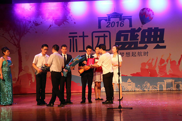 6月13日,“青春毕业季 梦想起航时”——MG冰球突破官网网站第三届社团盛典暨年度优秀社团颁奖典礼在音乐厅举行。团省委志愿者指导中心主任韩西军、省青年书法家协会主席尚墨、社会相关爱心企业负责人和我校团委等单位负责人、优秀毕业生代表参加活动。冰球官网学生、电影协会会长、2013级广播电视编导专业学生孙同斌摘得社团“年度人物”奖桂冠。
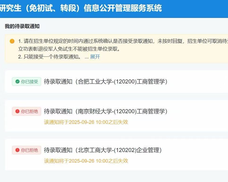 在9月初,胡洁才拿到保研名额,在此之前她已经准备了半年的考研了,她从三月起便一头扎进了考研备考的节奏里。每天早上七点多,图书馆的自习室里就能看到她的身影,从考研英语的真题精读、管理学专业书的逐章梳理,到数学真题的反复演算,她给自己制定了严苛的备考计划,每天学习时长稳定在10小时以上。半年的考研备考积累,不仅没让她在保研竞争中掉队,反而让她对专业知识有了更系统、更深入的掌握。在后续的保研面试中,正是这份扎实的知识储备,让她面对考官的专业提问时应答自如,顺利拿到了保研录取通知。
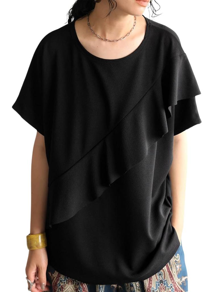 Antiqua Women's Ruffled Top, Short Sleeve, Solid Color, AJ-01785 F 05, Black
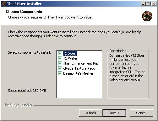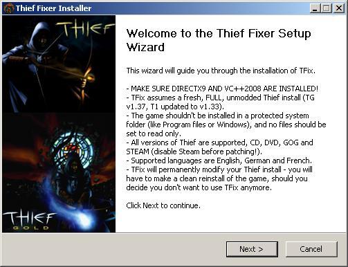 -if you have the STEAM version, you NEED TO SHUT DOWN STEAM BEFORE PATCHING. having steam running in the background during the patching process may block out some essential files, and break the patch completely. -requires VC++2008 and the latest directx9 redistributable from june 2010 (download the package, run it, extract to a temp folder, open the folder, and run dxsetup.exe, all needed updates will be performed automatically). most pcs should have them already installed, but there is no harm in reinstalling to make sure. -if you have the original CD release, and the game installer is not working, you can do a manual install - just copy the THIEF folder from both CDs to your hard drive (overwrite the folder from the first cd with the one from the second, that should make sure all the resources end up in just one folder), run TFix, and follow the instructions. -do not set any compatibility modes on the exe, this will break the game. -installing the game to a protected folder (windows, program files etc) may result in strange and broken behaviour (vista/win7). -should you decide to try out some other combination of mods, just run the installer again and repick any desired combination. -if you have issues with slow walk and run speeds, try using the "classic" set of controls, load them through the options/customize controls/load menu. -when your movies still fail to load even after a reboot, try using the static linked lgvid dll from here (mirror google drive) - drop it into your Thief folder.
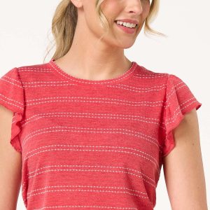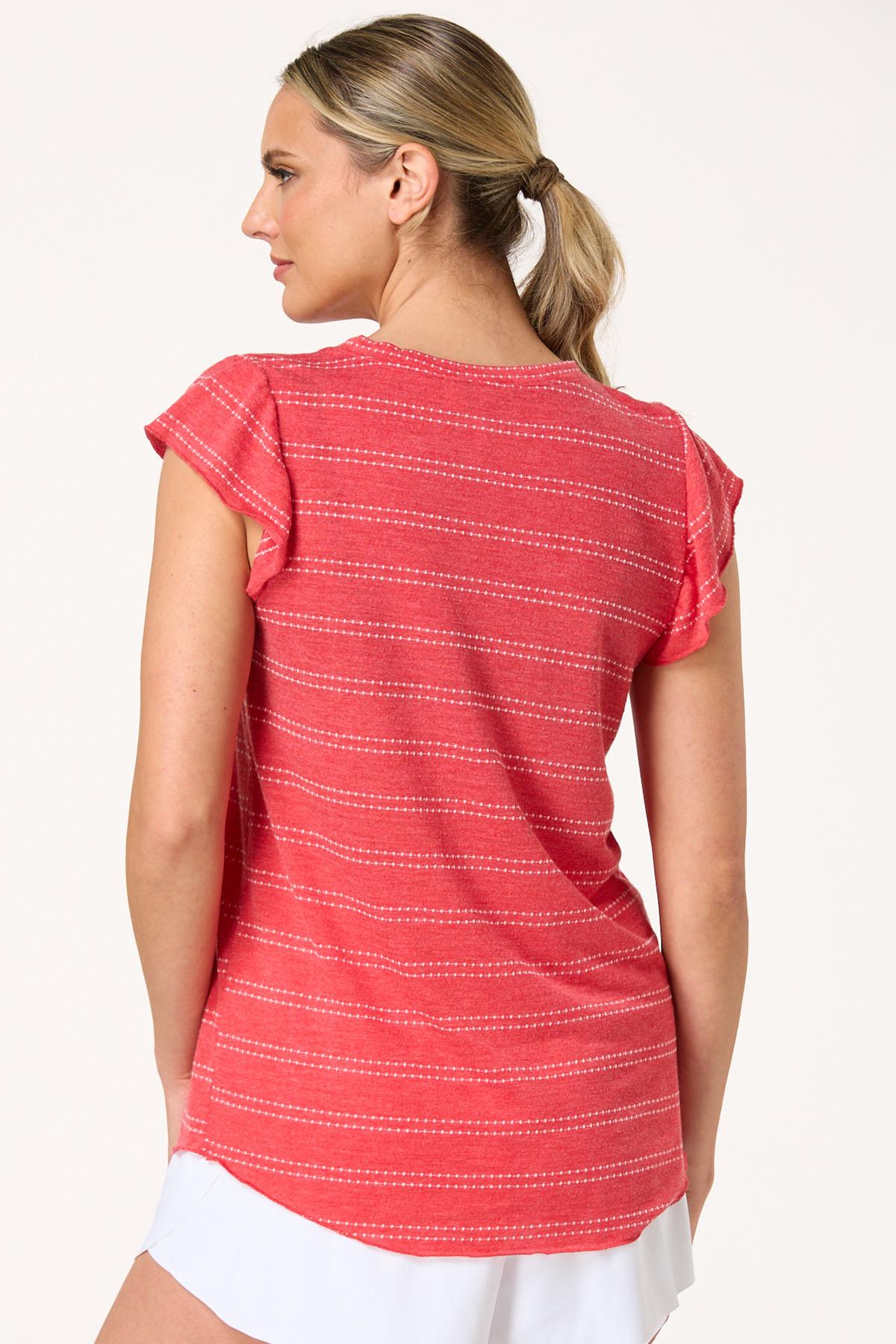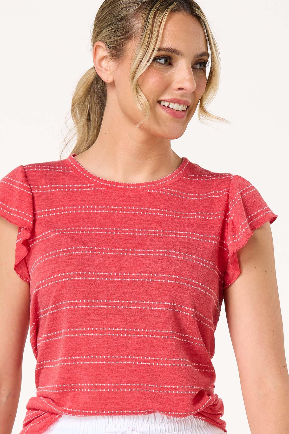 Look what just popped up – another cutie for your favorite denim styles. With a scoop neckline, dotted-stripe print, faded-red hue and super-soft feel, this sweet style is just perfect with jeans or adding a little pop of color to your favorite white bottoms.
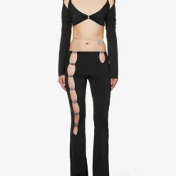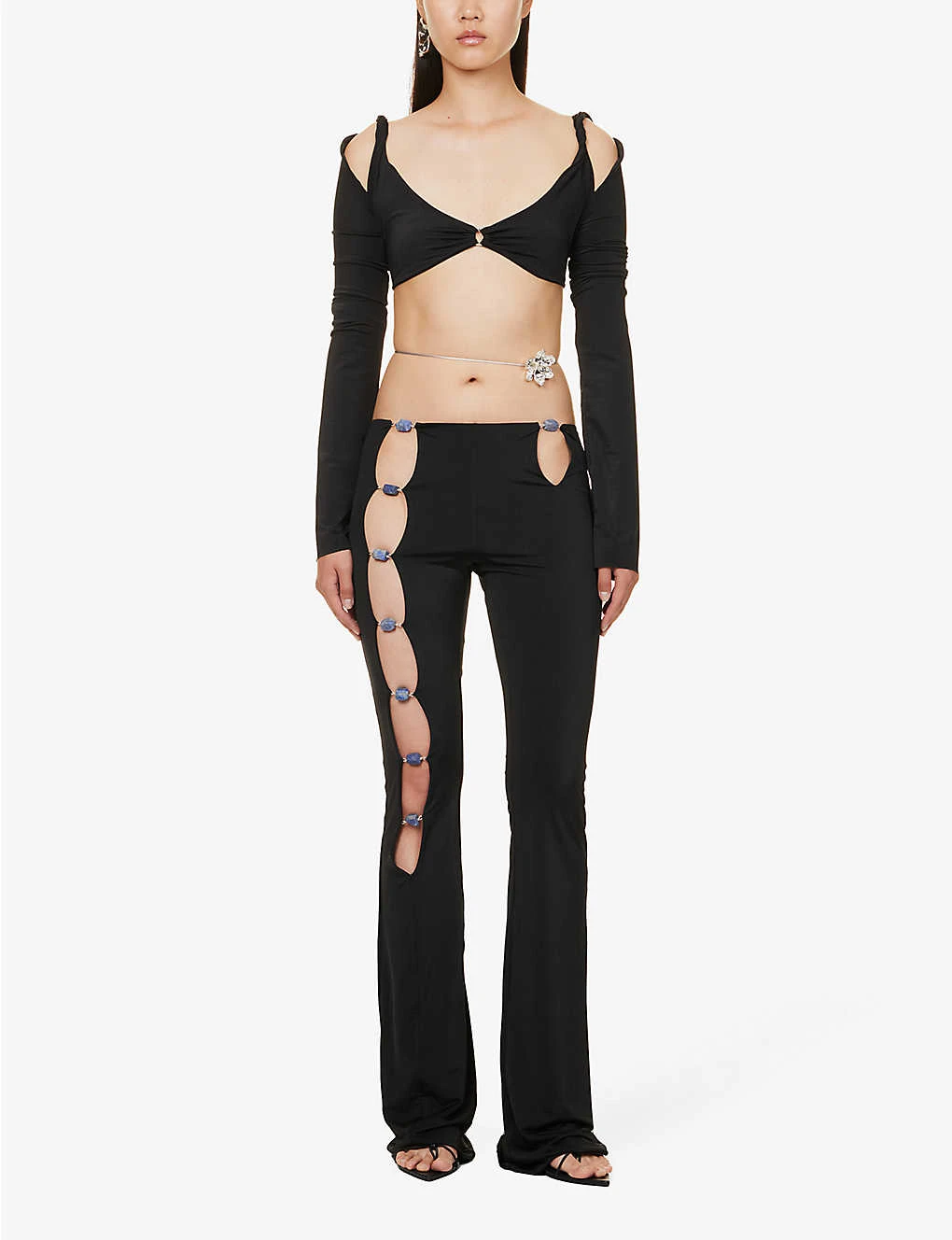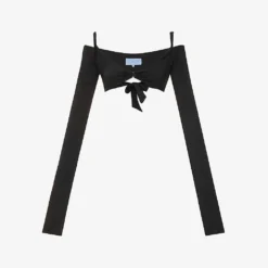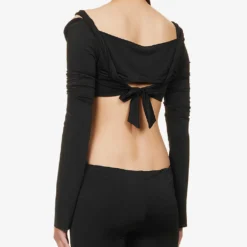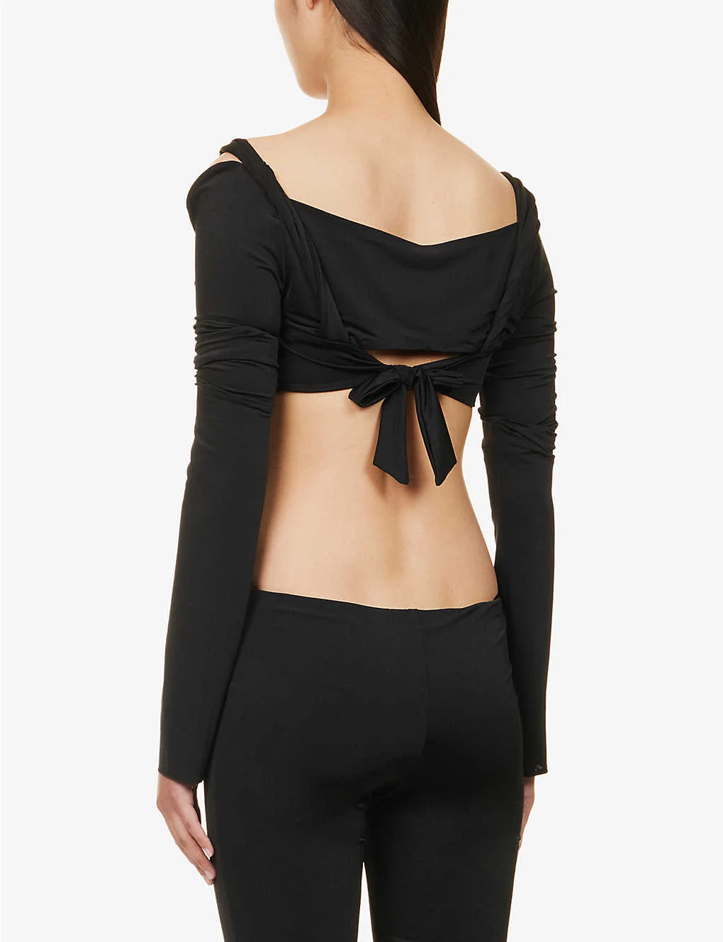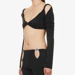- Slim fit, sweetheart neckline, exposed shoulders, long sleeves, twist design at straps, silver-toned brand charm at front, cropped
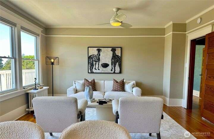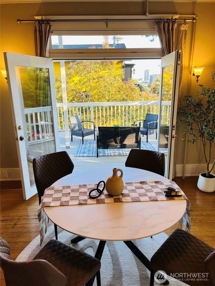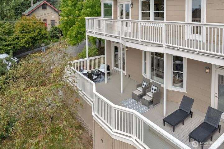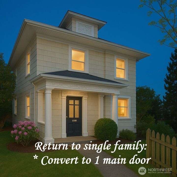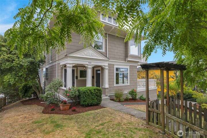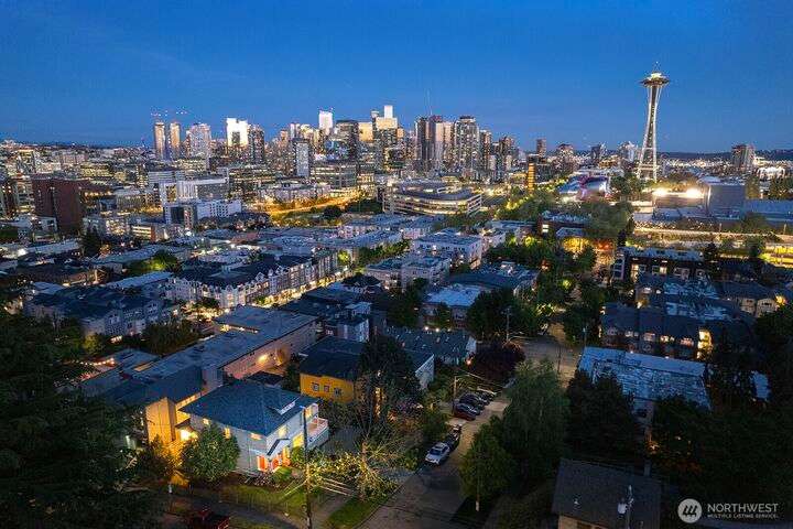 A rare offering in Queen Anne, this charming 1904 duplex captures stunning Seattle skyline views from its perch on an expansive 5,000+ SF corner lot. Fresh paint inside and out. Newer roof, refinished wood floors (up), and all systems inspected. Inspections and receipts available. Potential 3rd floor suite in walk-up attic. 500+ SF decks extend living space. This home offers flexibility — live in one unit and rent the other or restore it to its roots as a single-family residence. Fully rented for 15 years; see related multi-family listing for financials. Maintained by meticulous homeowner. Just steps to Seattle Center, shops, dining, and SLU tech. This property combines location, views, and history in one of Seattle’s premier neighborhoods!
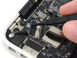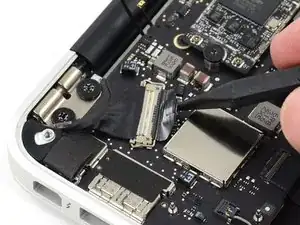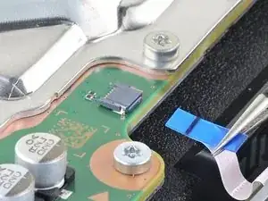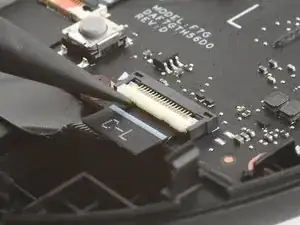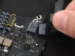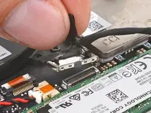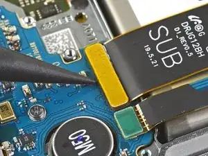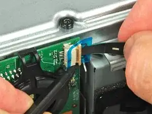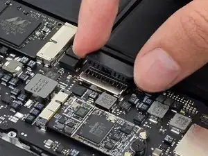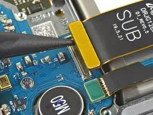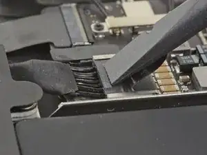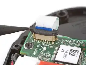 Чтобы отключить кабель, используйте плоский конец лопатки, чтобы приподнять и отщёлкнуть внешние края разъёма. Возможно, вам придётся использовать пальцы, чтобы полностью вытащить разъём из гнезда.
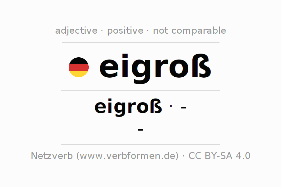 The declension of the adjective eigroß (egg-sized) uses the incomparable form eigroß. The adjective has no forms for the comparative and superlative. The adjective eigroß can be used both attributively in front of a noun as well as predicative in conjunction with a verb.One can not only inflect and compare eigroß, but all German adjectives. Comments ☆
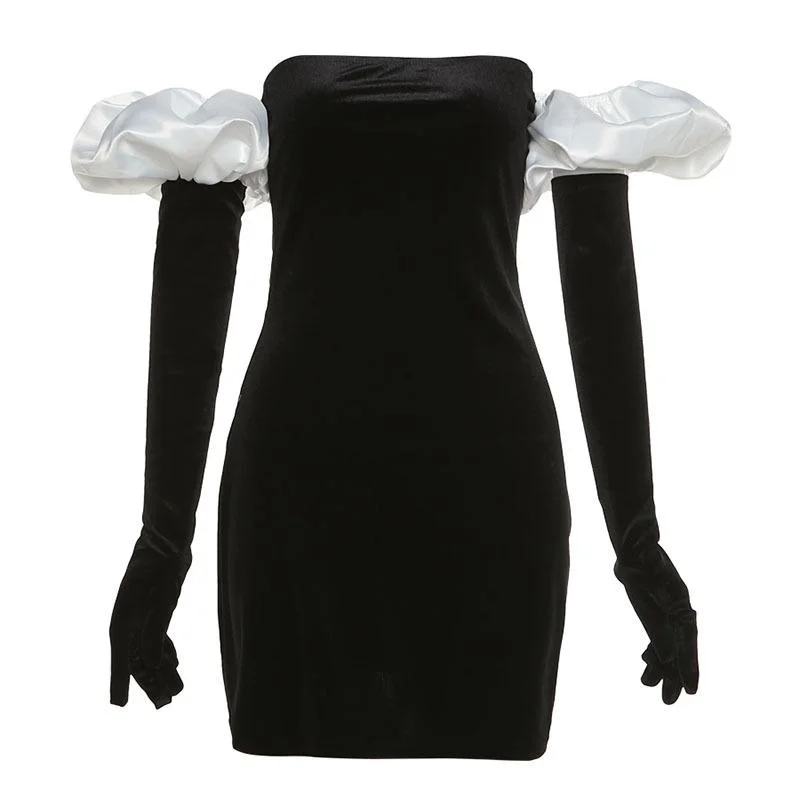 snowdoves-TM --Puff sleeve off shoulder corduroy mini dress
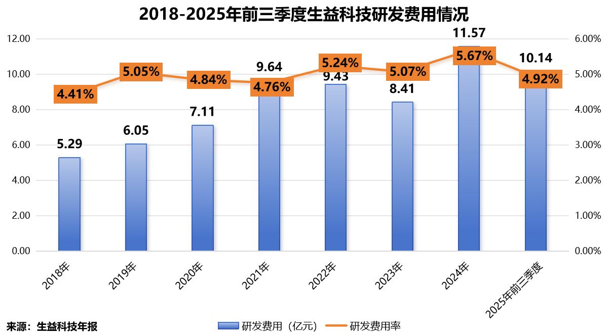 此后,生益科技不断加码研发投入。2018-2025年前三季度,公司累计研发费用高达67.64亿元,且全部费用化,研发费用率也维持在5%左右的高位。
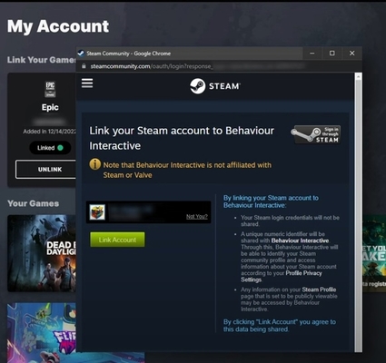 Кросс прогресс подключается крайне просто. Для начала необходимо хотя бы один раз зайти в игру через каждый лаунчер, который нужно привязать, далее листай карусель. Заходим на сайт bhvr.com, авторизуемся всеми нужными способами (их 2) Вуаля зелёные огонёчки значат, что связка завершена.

§

**Activity**. Your task is to repeat the listing exactly while omitting its pictures.

**Worked solution**.
 6月13日,“青春毕业季 梦想起航时”——MG冰球突破官网网站第三届社团盛典暨年度优秀社团颁奖典礼在音乐厅举行。团省委志愿者指导中心主任韩西军、省青年书法家协会主席尚墨、社会相关爱心企业负责人和我校团委等单位负责人、优秀毕业生代表参加活动。冰球官网学生、电影协会会长、2013级广播电视编导专业学生孙同斌摘得社团“年度人物”奖桂冠。
 在9月初,胡洁才拿到保研名额,在此之前她已经准备了半年的考研了,她从三月起便一头扎进了考研备考的节奏里。每天早上七点多,图书馆的自习室里就能看到她的身影,从考研英语的真题精读、管理学专业书的逐章梳理,到数学真题的反复演算,她给自己制定了严苛的备考计划,每天学习时长稳定在10小时以上。半年的考研备考积累,不仅没让她在保研竞争中掉队,反而让她对专业知识有了更系统、更深入的掌握。在后续的保研面试中,正是这份扎实的知识储备,让她面对考官的专业提问时应答自如,顺利拿到了保研录取通知。
 Antiqua Women's Ruffled Top, Short Sleeve, Solid Color, AJ-01785 F 05, Black
 -if you have the STEAM version, you NEED TO SHUT DOWN STEAM BEFORE PATCHING. having steam running in the background during the patching process may block out some essential files, and break the patch completely. -requires VC++2008 and the latest directx9 redistributable from june 2010 (download the package, run it, extract to a temp folder, open the folder, and run dxsetup.exe, all needed updates will be performed automatically). most pcs should have them already installed, but there is no harm in reinstalling to make sure. -if you have the original CD release, and the game installer is not working, you can do a manual install - just copy the THIEF folder from both CDs to your hard drive (overwrite the folder from the first cd with the one from the second, that should make sure all the resources end up in just one folder), run TFix, and follow the instructions. -do not set any compatibility modes on the exe, this will break the game. -installing the game to a protected folder (windows, program files etc) may result in strange and broken behaviour (vista/win7). -should you decide to try out some other combination of mods, just run the installer again and repick any desired combination. -if you have issues with slow walk and run speeds, try using the "classic" set of controls, load them through the options/customize controls/load menu. -when your movies still fail to load even after a reboot, try using the static linked lgvid dll from here (mirror google drive) - drop it into your Thief folder.
 Look what just popped up – another cutie for your favorite denim styles. With a scoop neckline, dotted-stripe print, faded-red hue and super-soft feel, this sweet style is just perfect with jeans or adding a little pop of color to your favorite white bottoms.
- Slim fit, sweetheart neckline, exposed shoulders, long sleeves, twist design at straps, silver-toned brand charm at front, cropped
 A rare offering in Queen Anne, this charming 1904 duplex captures stunning Seattle skyline views from its perch on an expansive 5,000+ SF corner lot. Fresh paint inside and out. Newer roof, refinished wood floors (up), and all systems inspected. Inspections and receipts available. Potential 3rd floor suite in walk-up attic. 500+ SF decks extend living space. This home offers flexibility — live in one unit and rent the other or restore it to its roots as a single-family residence. Fully rented for 15 years; see related multi-family listing for financials. Maintained by meticulous homeowner. Just steps to Seattle Center, shops, dining, and SLU tech. This property combines location, views, and history in one of Seattle’s premier neighborhoods!
 Чтобы отключить кабель, используйте плоский конец лопатки, чтобы приподнять и отщёлкнуть внешние края разъёма. Возможно, вам придётся использовать пальцы, чтобы полностью вытащить разъём из гнезда.
 The declension of the adjective eigroß (egg-sized) uses the incomparable form eigroß. The adjective has no forms for the comparative and superlative. The adjective eigroß can be used both attributively in front of a noun as well as predicative in conjunction with a verb.One can not only inflect and compare eigroß, but all German adjectives. Comments ☆
 snowdoves-TM --Puff sleeve off shoulder corduroy mini dress
 此后,生益科技不断加码研发投入。2018-2025年前三季度,公司累计研发费用高达67.64亿元,且全部费用化,研发费用率也维持在5%左右的高位。
 Кросс прогресс подключается крайне просто. Для начала необходимо хотя бы один раз зайти в игру через каждый лаунчер, который нужно привязать, далее листай карусель. Заходим на сайт bhvr.com, авторизуемся всеми нужными способами (их 2) Вуаля зелёные огонёчки значат, что связка завершена.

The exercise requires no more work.